- _Try it_:
Your task is to retype, exactly and only, the lines from the one containing "原文出处:Eisai Announces Real-World" to the final line of the entries, leaving out all pictures.
++++++++++++++++++++
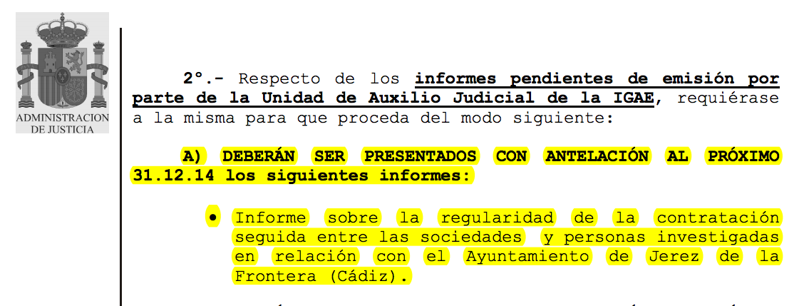 En la nueva providencia emitida por Ruz, a la que ha accedido La Voz del Sur gracias a losgenoveses.net, el juez instructor manda y firma: "Respecto de los informes pendientes de emisión por parte de la Unidad de Auxilio Judicial de la IGAE, requiérase a la misma para que proceda del modo siguiente: deberán ser presentados con antelación al próximo 31.12.14 los siguientes informes: Informe sobre la regularidad de la contratación seguida entre las sociedades y personas investigadas en relación con el Ayuntamiento de Jerez de la Frontera (Cádiz)". En el encabezamiento de la providencia, el magistrado deja claro la necesidad de estos informes "al objeto de agilizar la instrucción en curso" y pone plazos muy concretos porque se trata de un "contenido indispensable para el avance de las actuaciones". De las cinco peticiones de informes que hace en la providencia, señala dos (entre ellas Jerez) con mayor premura. Y advierte finalmente: "Hágase mención en la totalidad de oficios y requerimientos a la necesidad de que los plazos previamente indicados sean atendidos por las diversas Unidades destinatarias de aquéllos, y sólo para el caso de concurrir causa justificada que motivara un retraso o demora en cuanto a la presentación de los informes interesados, deberá ser puesta en conocimiento del Juzgado con la suficiente antelación, a fin de que pueda ser valorada por este instructor". A la espera, pues, de lo que diga la valoración e informe de la IGAE, lo que sí es evidente es el interés del magistrado por cerrar la instrucción en Jerez, que además encerraría la complejidad añadida de tener que acordarse, en última instancia, la inhibición del tribunal competente” por la condición de aforada de la también senadora popular, a la que solo podría calificar como imputada el Tribunal Supremo.
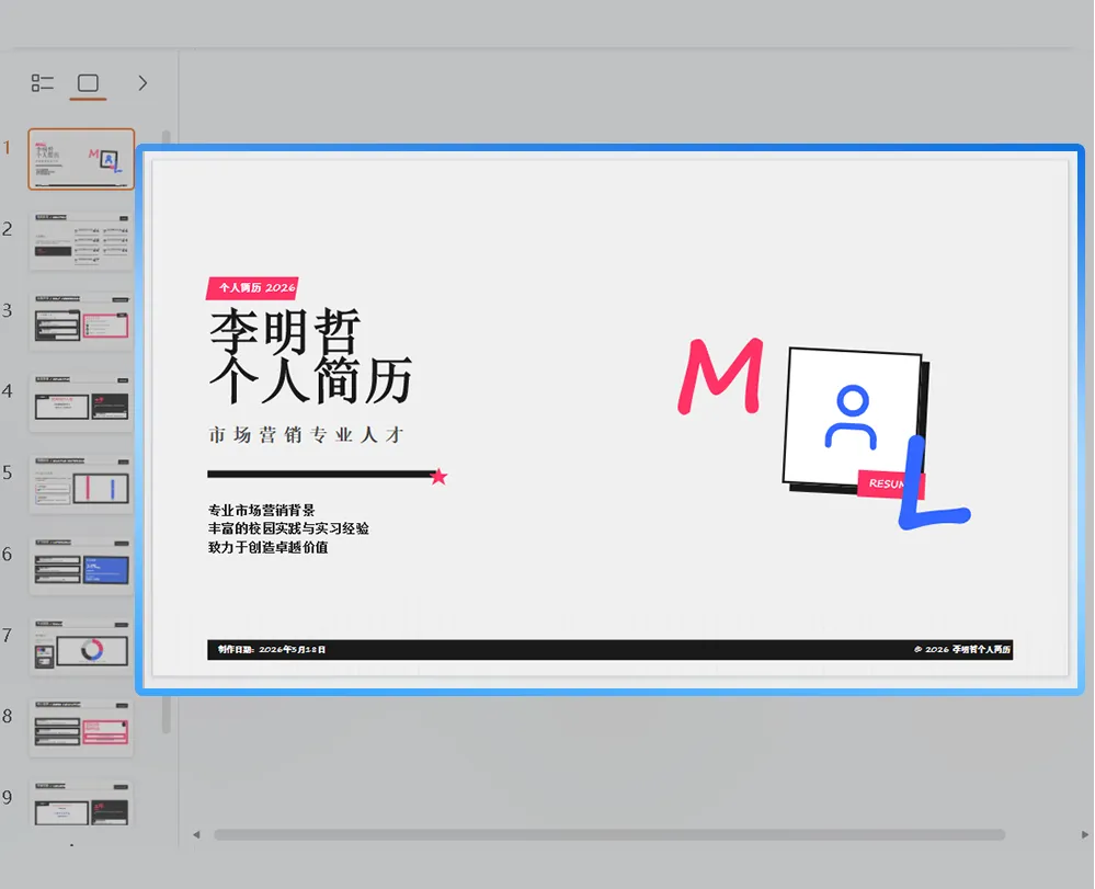 春招接到面试官电话:“面试请准备5分钟自我介绍PPT”。简历有,作品有,PPT?从来没做过…排版、配色、配图一窍不通,搜8个模板没一个能用,最后用Word打印出来举着讲。
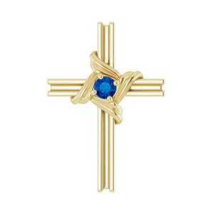Celebrate and honor all special occasions with jewelry of religious significance! Our collection of spiritually inspired designs that show faith, hope and devotion are perfect for commemorating life's milestones. This polished women's cross pendant created in 14k yellow gold is prong set with a .08 carat genuine blue sapphire that is 2.5mm in size. The approximate pendant size is 13mm (1/2 inch) in width by 18mm (11/16 inch) in length. The chain passage dimensions of the hidden bail are 1.5 x 1.2mm. Color range varies on all natural stones so please allow for slight variations in shades (medium navy to royal blue). The color on your screen may also not reflect actual gemstone color due to variations in monitors. Gemstone treatment: traditional heated process. This item does not include a chain. This is a made to order item and is estimated to ship in about 12 days. Please email service@theblackbow.com for more details.
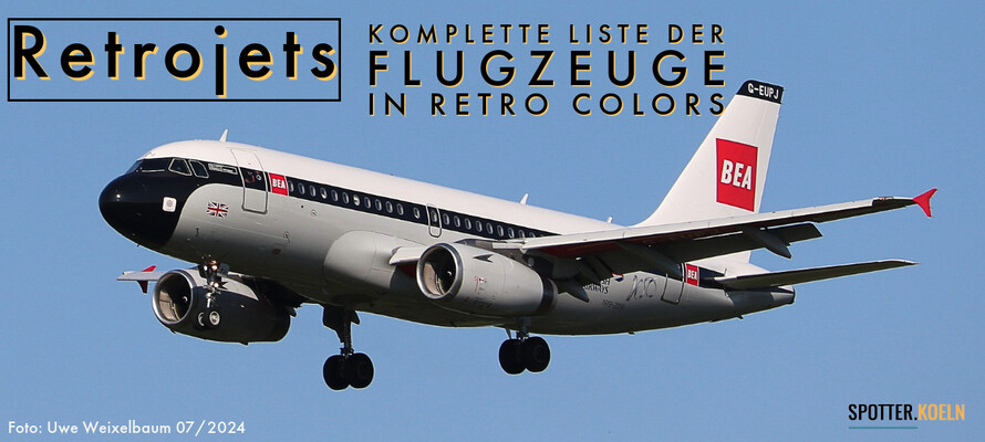 SPOTTER.KOELN´s komplette Liste der Flugzeuge in Retrojets. Diese Liste ist auch als PDF-Download verfügbar und wird regelmäßig aktualisiert. |
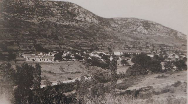 Οι πρώτες εγκαταστάσεις του Σανατορίου Ασθεστοχωρίου σε πανοραμική εικόνα, στα μέσα της δεκαετίας του 1930. Διακρίνονται από αριστερά οι στρατιωτικές εγκαταστάσεις των Άγγλων, οι γερμανικοί οικίσκοι.
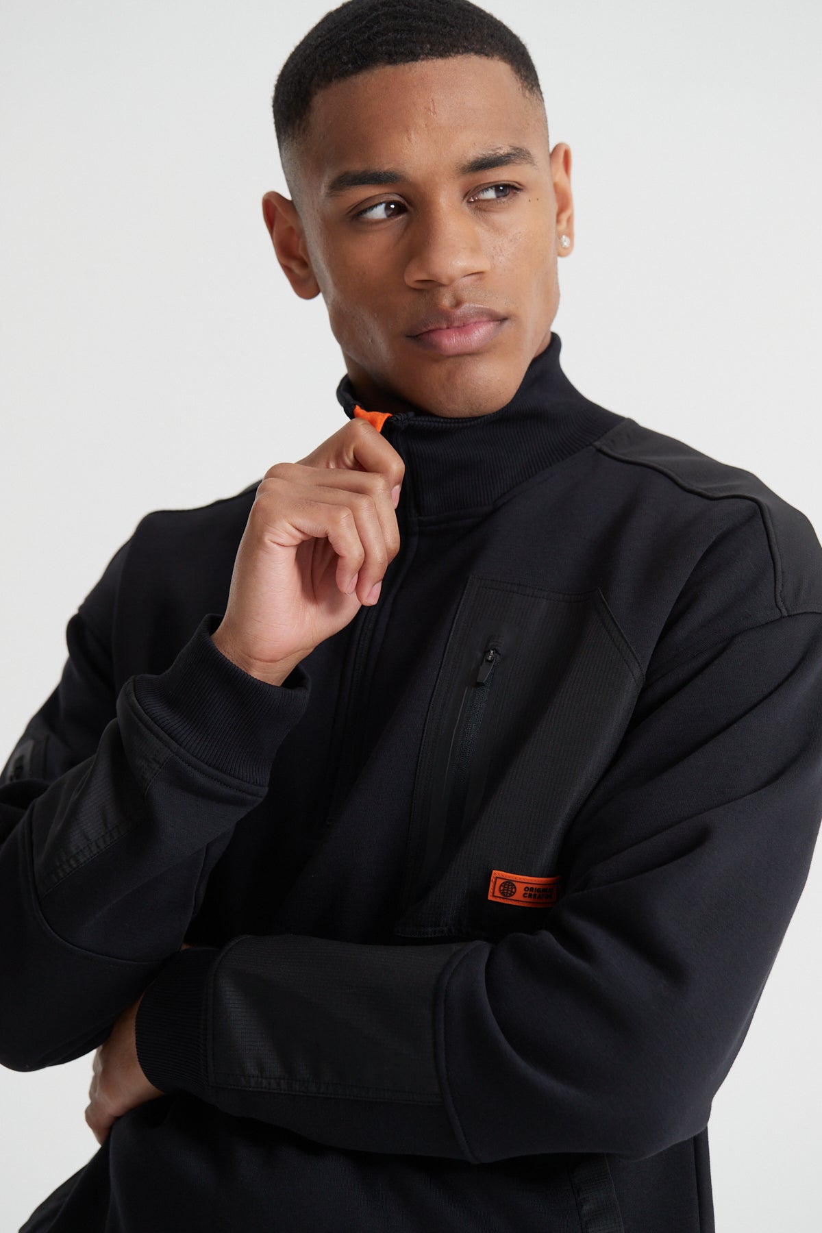 - ‘Off The Grid’ rubber badge in statement orange to left chest
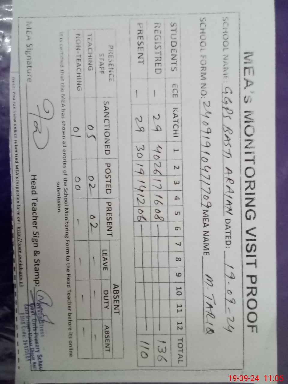 | Attendance Register | Head Teacher | MEA with School | Visit Proof |
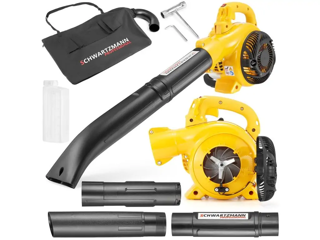Садовый пылесос-воздуходувка (3 кВт) SCHWARTZMANN SCH-BV3500 – высокопроизводительная садовая воздуходувка бытового класса, предназначена для легких и средних нагрузок при уборке садовых участков от листьев и мусора. Инструмент оборудован 2-тактным бензиновым двигателем с мощностью 3 кВт (4,1 л.с), благодаря которому на выходе воздуходувка выдает 730 м³/ч воздуха со скоростью 370 км/ч. В качестве топлива используется смесь бензина с моторной смазкой в пропорции 40:1 (на 1 л бензина 25 мл смазки).
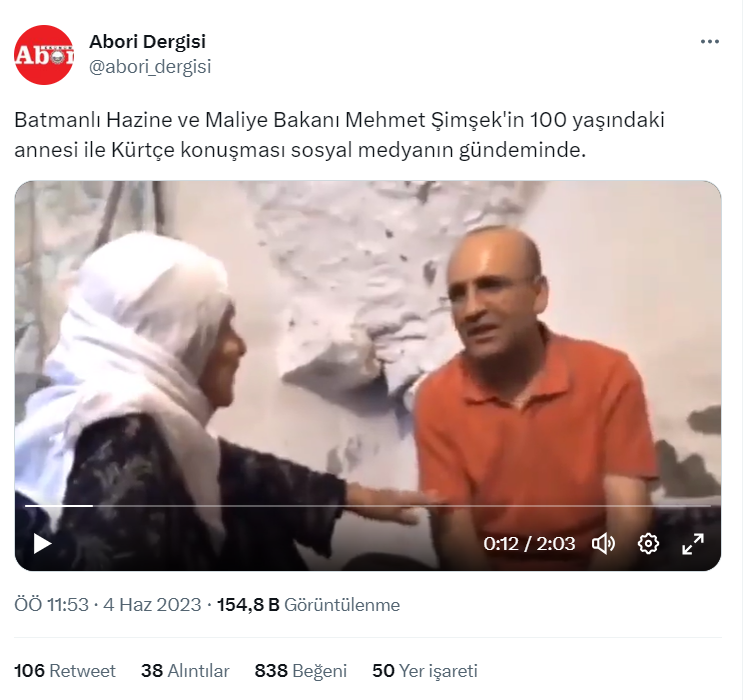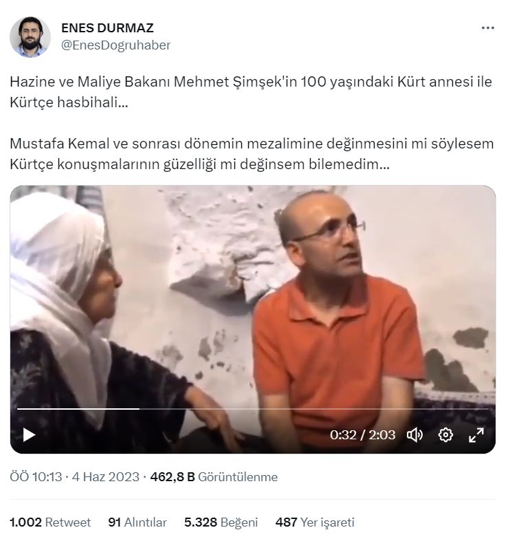 Hazine ve Maliye Bakanı Mehmet Şimşek ile Kürtçe konuşan bir kadının görüntüleri sosyal medyada pek çok kullanıcı tarafından paylaşıldı. Görüntüdeki kadının Mehmet Şimşek’in annesi olduğu iddia edildi.
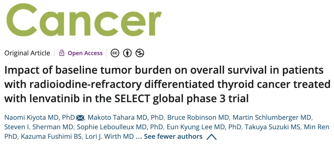 原文出处:Eisai Announces Real-World Evidence on the Clinical Effectiveness of LENVIMA? (lenvatinib) Monotherapy for the Treatment of Patients with Radioiodine-Refractory Differentiated Thyroid Cancer
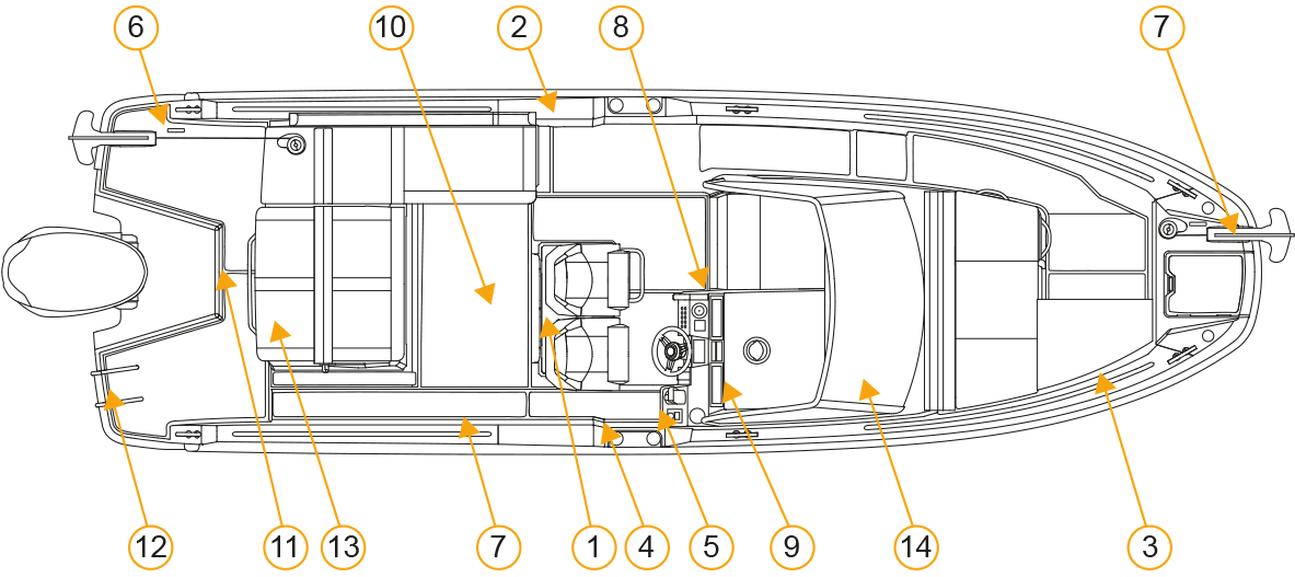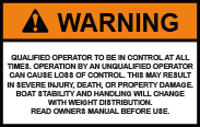 HOIATUS! Paati peab kogu aeg juhtima kvalifitseeritud kasutaja. Kvalifitseerimata kasutaja poolt kasutamine võib põhjustada juhitavuse kaotamise. See võib põhjustada raskeid vigastusi, surma või varakahju. Paadi stabiilsus ja käsitsemine muutub koos kaalujaotusega. Lugege enne kasutamist kasutusjuhendit. |
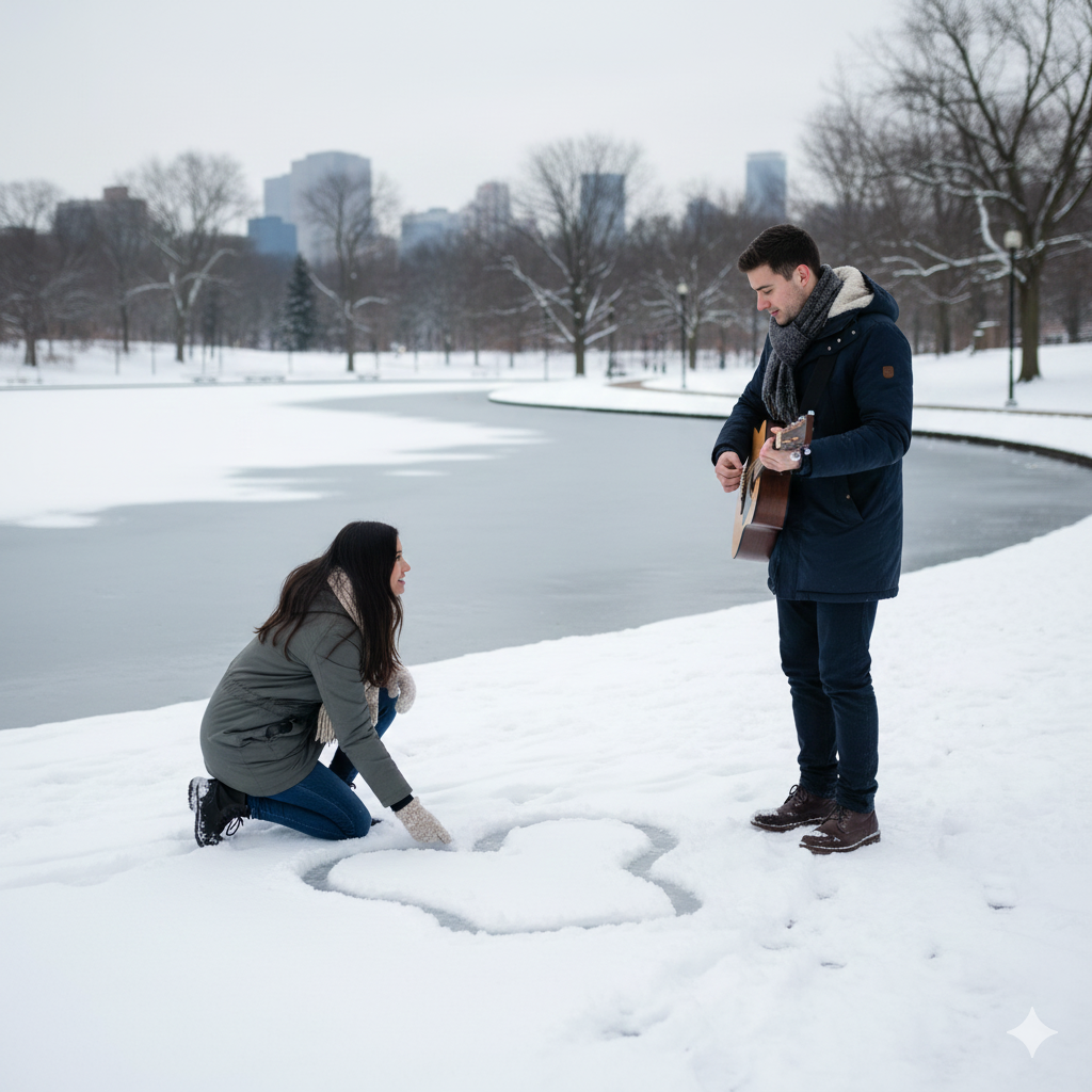 Наступила зима, и город окутало белоснежное одеяло. Алексей решил сделать Марии сюрприз — он пригласил её на зимнюю прогулку к озеру, где они провели множество дней летом. В тот день он принёс с собой гитару и стал играть их любимую мелодию. Вокруг кружились снежинки, словно танцуя под звуки музыки. Мария, подошла ближе и, опустившись на колени в снегу, нарисовала пальцами сердечко на холодной поверхности.
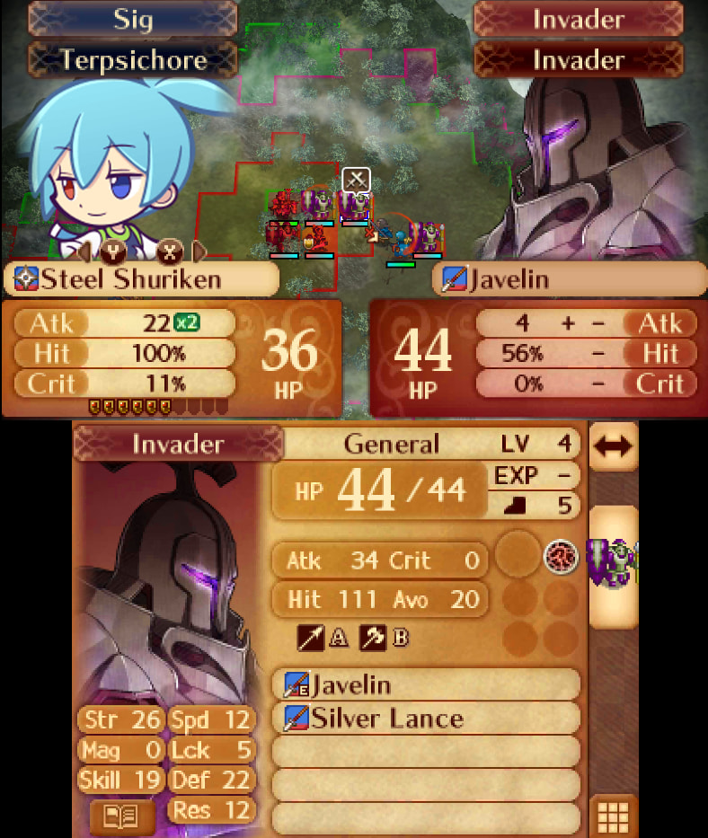 Sig is still MVP for taking out maybe 1/3 of the entire map, notably all the enemy mages on the right side. With Rally STR, he can even take out Generals without Wary Fighter. Funnily enough, one of the Snipers at the beginning dodged two listed 97%s, which is absurdly (un)lucky, considering hit rates above 50% are weighted lmao
++++++++++++++++++++
- _Solution_:
 原文出处:Eisai Announces Real-World Evidence on the Clinical Effectiveness of LENVIMA? (lenvatinib) Monotherapy for the Treatment of Patients with Radioiodine-Refractory Differentiated Thyroid Cancer
 HOIATUS! Paati peab kogu aeg juhtima kvalifitseeritud kasutaja. Kvalifitseerimata kasutaja poolt kasutamine võib põhjustada juhitavuse kaotamise. See võib põhjustada raskeid vigastusi, surma või varakahju. Paadi stabiilsus ja käsitsemine muutub koos kaalujaotusega. Lugege enne kasutamist kasutusjuhendit. |
 Наступила зима, и город окутало белоснежное одеяло. Алексей решил сделать Марии сюрприз — он пригласил её на зимнюю прогулку к озеру, где они провели множество дней летом. В тот день он принёс с собой гитару и стал играть их любимую мелодию. Вокруг кружились снежинки, словно танцуя под звуки музыки. Мария, подошла ближе и, опустившись на колени в снегу, нарисовала пальцами сердечко на холодной поверхности.
 Sig is still MVP for taking out maybe 1/3 of the entire map, notably all the enemy mages on the right side. With Rally STR, he can even take out Generals without Wary Fighter. Funnily enough, one of the Snipers at the beginning dodged two listed 97%s, which is absurdly (un)lucky, considering hit rates above 50% are weighted lmao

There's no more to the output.